Patterns of processing bias for emotional information across clinical disorders: a comparison of attention, memory, and prospective cognition in children and adolescents with depression, generalized anxiety, and posttraumatic stress disorder

Tim Dalgleish et al. J Clin Child Adolesc Psychol. 2003 Mar.

Abstract

This study investigated theoretical claims that different emotional disorders are associated with different patterns of cognitive bias, both in terms of the cognitive processes involved and the stimulus content that is preferentially processed.
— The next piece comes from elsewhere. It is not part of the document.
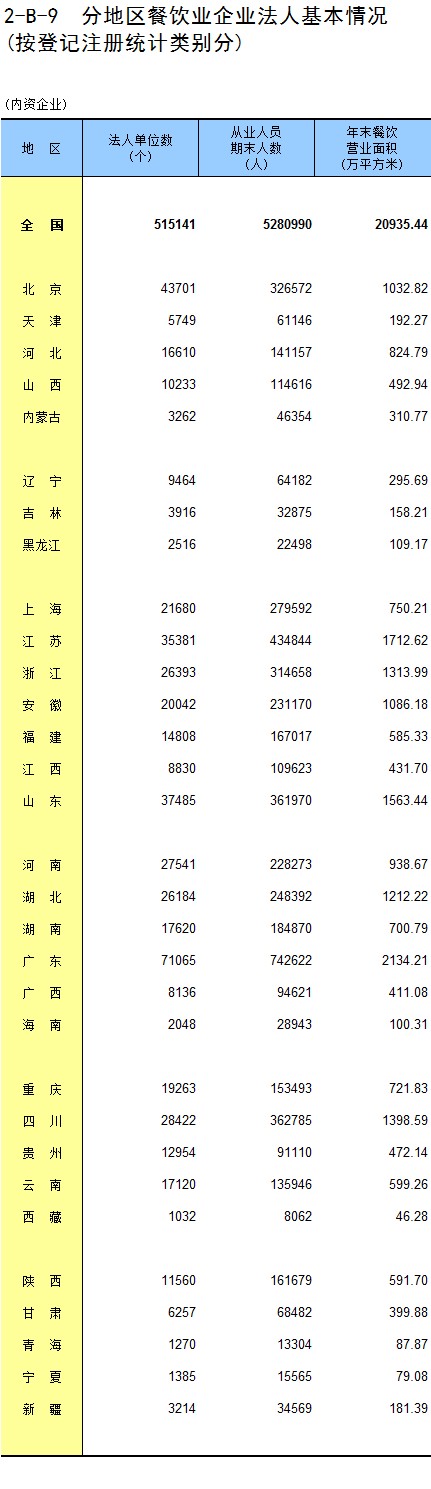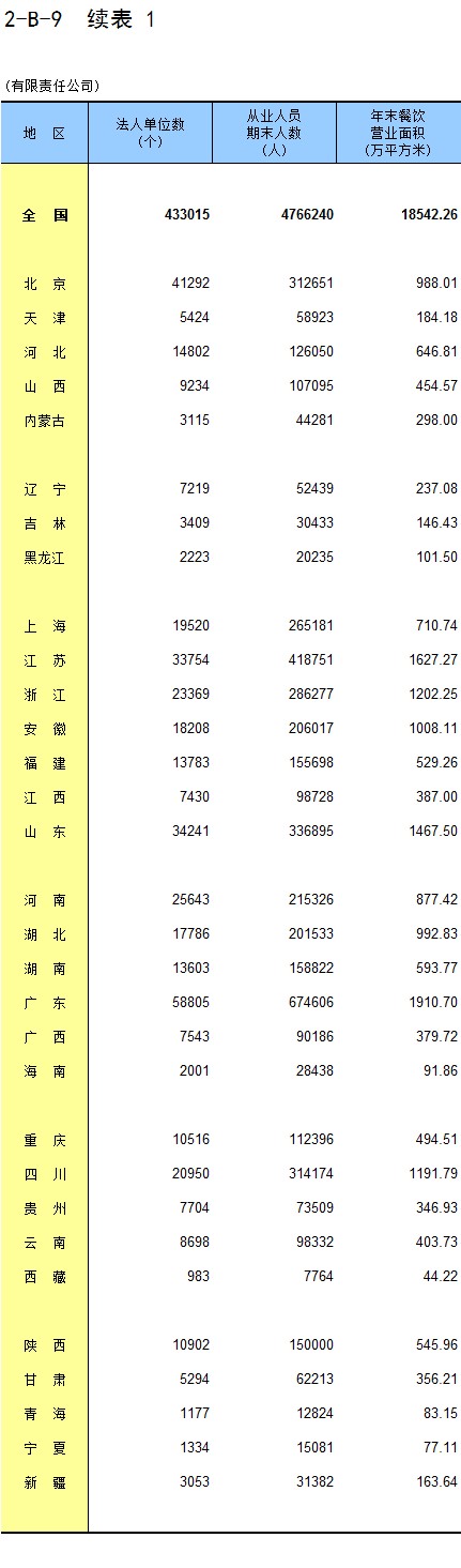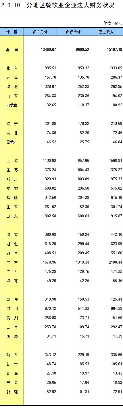 2-B-10 分地区餐饮业企业法人财务状况

These claims were tested by comparing clinically anxious (generalized anxiety disorder [GAD], posttraumatic stress disorder [PTSD]) and clinically depressed children and adolescents on a range of cognitive tasks measuring attention, memory, and prospective cognition, with both threat-related and depressogenic stimulus materials. The results did reveal some relative specificity of processing in that the anxious participants exhibited a greater selective attentional bias for threat relative to depressogenic material with no such difference being apparent in the depressed sample. However, this bias was only clear-cut on a dot-probe measure of attentional processing and not on a modified Stroop measure, and indeed threat-related bias on the 2 tasks was uncorrelated. On the prospective cognition task, anxious participants exhibited an other-referent bias in their risk estimations regarding future negative events that was absent in the depressed sample. No specificity effects were evident on the memory task. The results are discussed in terms of the strengths and weaknesses of carrying out direct comparisons across groups and tasks versus drawing conclusions from overall patterns across multiple studies.